An increasing number of practical applications (e.g. medical implants, embedded sensors in buildings and bridges, industrial applications) are based on the use of **Wireless Sensor Nodes (WSNs)**, which are small computing devices capable of collecting and transmitting data to a base station. In order to limit or to avoid the drawbacks associated to the use of primary batteries (expensive maintenance/replacement, insufficient or unpredictable duration of operational life, not eco-friendly disposal due to their hazardous chemical content), the required energy can be delivered to the WSNs by energy harvesting. **Energy harvesting is the conversion of otherwise wasted energy into electrical energy**. Since vibrations can be found almost everywhere, an interesting possibility is represented by the use of vibration energy harvesters.

Here the attention is focused on **Resonant Vibration Energy Harvesters (RVEHs)** and in particular on Piezoelectric RVEHs and Electromagnetic RVEHs. A brief description of their **operating principles** is provided and their **equivalent electric circuits** are analyzed in order to identify the operating conditions able to **maximize the extracted electrical power**. This is a crucial aspect in applications involving energy harvesting systems. Moreover a brief introduction to the concepts of Electrical and Mechanical Tuning Techniques is also provided.

** 1. Introduction**

Vibration energy harvesters are emerging devices that are able to scavenge otherwise wasted energy from ambient vibrations. In the last years, vibration harvesters have been proposed for a large number of applications, such as industrial applications, medical implants, embedded sensors in buildings and bridges, regenerative suspensions for automotive applications and regenerative backpacks for wearable applications ^{[1]},^{[2]},^{[3]},^{[4]},^{[5]},^{[6]},^{[7]}. In particular, in the future, vibration harvesters could be fundamental for the development of Internet of Things (IoT) applications and for Industry 4.0 revolution. In fact, IoT applications adopt wireless sensor networks made of many wireless sensor nodes (small computing devices that are able to collect and transmit data to a base station). The required energy can be delivered to the nodes of a wireless sensor network by means of vibration harvesters ^{[2]},^{[5]}. In this way, the nodes can become self-sufficient from the energy point of view and therefore the drawbacks of disposable batteries (environmental risks, limited reliability, need for replacement) can be strongly limited. The number of publications per year focusing on vibration energy harvesters is illustrated in Figure 1 starting from 2005. Figure 1 demonstrates the increasing scientific interest of researchers on such a topic.

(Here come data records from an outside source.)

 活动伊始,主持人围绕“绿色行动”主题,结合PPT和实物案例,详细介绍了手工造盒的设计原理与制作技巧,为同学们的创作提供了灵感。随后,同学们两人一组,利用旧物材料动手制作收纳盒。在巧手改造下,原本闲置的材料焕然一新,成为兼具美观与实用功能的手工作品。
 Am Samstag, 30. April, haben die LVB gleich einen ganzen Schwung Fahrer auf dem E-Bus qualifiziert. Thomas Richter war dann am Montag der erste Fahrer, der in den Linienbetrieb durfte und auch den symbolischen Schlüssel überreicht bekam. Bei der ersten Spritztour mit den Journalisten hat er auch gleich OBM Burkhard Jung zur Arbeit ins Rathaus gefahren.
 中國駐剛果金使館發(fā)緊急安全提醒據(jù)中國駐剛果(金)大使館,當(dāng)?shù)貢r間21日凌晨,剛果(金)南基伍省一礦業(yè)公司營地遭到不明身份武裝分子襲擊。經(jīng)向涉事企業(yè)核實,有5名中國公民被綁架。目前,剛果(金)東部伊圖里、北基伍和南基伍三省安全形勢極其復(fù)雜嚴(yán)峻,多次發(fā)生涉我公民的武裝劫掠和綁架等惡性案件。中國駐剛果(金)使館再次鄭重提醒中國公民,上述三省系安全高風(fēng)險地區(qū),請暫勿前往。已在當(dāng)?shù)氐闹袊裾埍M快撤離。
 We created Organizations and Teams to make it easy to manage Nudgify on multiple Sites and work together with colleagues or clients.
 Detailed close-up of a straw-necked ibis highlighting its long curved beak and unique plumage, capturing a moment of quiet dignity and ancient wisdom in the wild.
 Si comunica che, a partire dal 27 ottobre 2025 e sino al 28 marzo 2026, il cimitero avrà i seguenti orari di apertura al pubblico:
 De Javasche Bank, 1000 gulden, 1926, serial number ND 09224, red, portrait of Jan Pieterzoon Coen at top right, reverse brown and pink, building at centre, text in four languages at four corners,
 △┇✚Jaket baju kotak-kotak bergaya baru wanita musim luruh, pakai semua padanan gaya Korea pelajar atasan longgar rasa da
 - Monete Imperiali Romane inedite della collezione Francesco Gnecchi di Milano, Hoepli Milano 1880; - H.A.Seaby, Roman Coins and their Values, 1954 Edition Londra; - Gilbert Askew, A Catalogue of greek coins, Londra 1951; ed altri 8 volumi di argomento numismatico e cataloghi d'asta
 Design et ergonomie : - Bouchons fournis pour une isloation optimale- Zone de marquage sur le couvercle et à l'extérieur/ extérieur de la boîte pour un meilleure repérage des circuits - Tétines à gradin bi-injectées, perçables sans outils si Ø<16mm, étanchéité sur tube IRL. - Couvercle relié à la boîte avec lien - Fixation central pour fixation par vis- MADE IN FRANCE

**Figure 1.** Publication profile regarding vibration energy harvesters (Source Google Scholar, Keyword Search: “Vibration Energy Harvesting”).

Here the attention is focused on Resonant Vibration Energy Harvesters (RVEHs) and on the maximization of their extracted electrical power, which, as it will be explained in the following, is of fundamental importance in practical applications ^{[8]},^{[9]},^{[10]}^{[11]}.

** 2. Piezoelectric and Electromagnetic Resonant Vibration Energy Harvesters**

**2.1. Modeling and Maximum Power Extraction**

RVEHs are devices capable of converting the mechanical energy associated to a vibration source into electrical energy. Such an energy conversion is based on a transduction mechanism that can fall in one of the following main categories: Piezoelectric ^{[12]},^{[13]},^{[14]}, electromagnetic ^{[15]},^{[16]},^{[17]}, electrostatic (including dielectric elastomers based) ^{[18]},^{[19]},^{[20]}, magnetostrictive ^{[21]} and triboelectric ^{[22]}. Here the attention is focused on both Piezoelectric RVEHs (P-RVEHs) and Electromagnetic RVEHs (E-RVEHs), since they exhibit the highest values of power densities.

P-RVEHs are based on the piezoelectric effect that is the capability of given materials (e.g., crystals and some ceramics) to give rise to an electric voltage when subjected to a mechanical stress. In this way, they are able to lead to the conversion of mechanical energy into electrical energy.

In an E-RVEH, instead, a magnetic field is produced by a vibrating magnet and an electromotive force is induced in a coil fixed to the frame. Due to vibrations, a relative displacement occurs between the magnet and the coil leading to the conversion of mechanical energy into electrical energy.

The schematic models of P-RVEHs and E-RVEHs are shown in Figure 2.

**Figure 2.** (**a**) Schematic model of a piezoelectric resonant vibration energy harvester (P-RVEH). (**b**) Schematic model of an electromagnetic (E-RVEH).

As shown in Figure 2a, in a P-RVEH a piezoelectric cantilever is clamped to a support to which vibrations are applied. The tip of the cantilever (where a mass is attached) moves out of phase with respect to the support. Therefore, there is a relative displacement x_{P}(t) between the tip of the cantilever and the clamping point leading to the generation of electric energy. As shown in Figure 2b, in an E-RVEH a permanent magnet is connected to a spring and, due to vibrations, it moves out of phase with respect to the generator housing to which a coil is fixed. The relative displacement x_{E}(t) taking place between the magnet and the coil gives rise to the conversion of mechanical energy into electric energy.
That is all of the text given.